The 34-year-old’s trip Down Under was just getting started. He claimed just the second Australian Open main-draw victory of his career against Zachary Svajda according to the Infosys ATP Win/Loss Index to earn a showdown against Alcaraz.

“It definitely feels good. I had that feeling that maybe things were going to go my way, but you never know,” Hanfmann said. “I'm sitting here, and it feels good.”

This will not be the Antwerp resident’s first chance against Alcaraz. Their first encounter came in 2019 when the Spaniard was just 16 years old at an ATP Challenger event.

“I played him in Sevilla in a night session, and I lost 7-6, 7-6,” Hanfmann recalled. “I was there with my now fiancee, with Sofie, actually, and we were like, ‘Okay, this guy is kind of good’, and now he's No. 1 in the world.

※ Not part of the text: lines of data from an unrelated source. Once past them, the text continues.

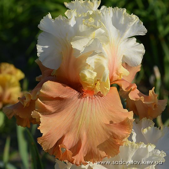 Добре гофрована квітка. Ст. - білі з вираженим лососєвим рум’янцем та тонкою золотистою каймою. Гілки маточки світло-абрикосові. Ф. - оранжеві з абрикосовим висвітленням під бородою та маленьким білим візерунком з боків від бороди. Б. - яскрава червоно-лососєва по низькій білій основі.
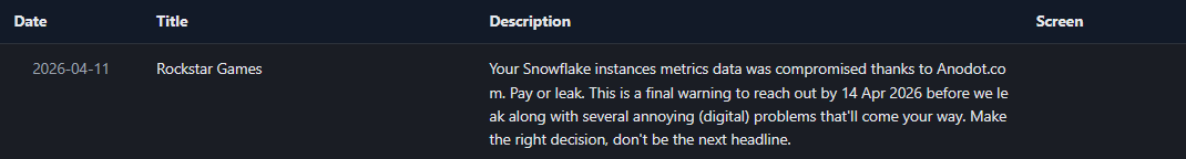 Selon RansomLook.io et CyberSec Gurules attaquants n'ont pas compromis directement le périmètre de Rockstar. Au lieu de cela, ils auraient tiré parti d'une intégration automatisée par le biais d'Anodot, une plateforme tierce de surveillance des coûts de l'informatique en nuage. Le groupe affirme avoir accédé à l'environnement Snowflake de Rockstar (que la société utilise pour stocker et gérer, entre autres, ses données analytiques et la télémétrie des joueurs) en récoltant les jetons d'authentification d'Anodot. Grâce à cette méthode, les attaquants peuvent contourner l'authentification multifactorielle standard en utilisant des jetons de service légitimes qui restent valides pendant de longues périodes. Ce type de vulnérabilité de la chaîne d'approvisionnement semble être devenu un vecteur principal pour les ShinyHunters à la fin de l'année 2025 et au début de l'année 2026.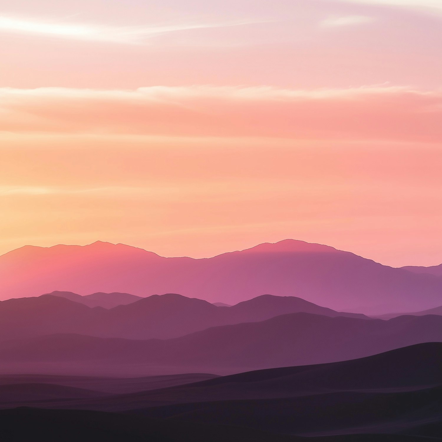 Dreamy sunset over layered mountains in soft pink, purple, and orange hues, creating a tranquil and serene landscape.

“At that point, already he was super hungry. I felt like he was very pumped, very focused and very into it. You could see that the determination was there, and the game… He was a bit smaller. His serve was not that good, but he was already making a lot of balls. He was playing already kind of heavy. I don't think I played a bad match and I lost to a 16-year-old, so there was already something. And at first, I was a little bit like, ‘How can I lose?’ But then a few years later, it makes sense.”

Alcaraz will take a 1-0 Lexus ATP Head2Head lead into their meeting, but Hanfmann will bring a different element in that he began working with a new coach, Petar Popovic, in 2025.

“Obviously, he's a hard worker, also a total tennis fanatic. He knows a lot, he watches all of it. [He has] a lot of experience with a lot of different players, characters also,” Hanfmann said. “I can learn a lot from him. We changed my serve, and that was kind of the big change, difference maker in the past few months because the serve is important in our game, and we changed the technique a little bit. So that's been really good. So far, so good.”

This is far from Hanfmann’s first moment on a big stage against a top opponent. But that does not make it any less special.

“I'm 34. I've played a lot of them early on [in tournaments]. I would like to play them later on,” Hanfmann said. “I just keep telling myself, ‘Okay, you’ve just got to beat them at some point’. It's tough to beat these guys. But yeah, of course on one hand, it's a big match… That's a huge deal, right? That's what we play for.”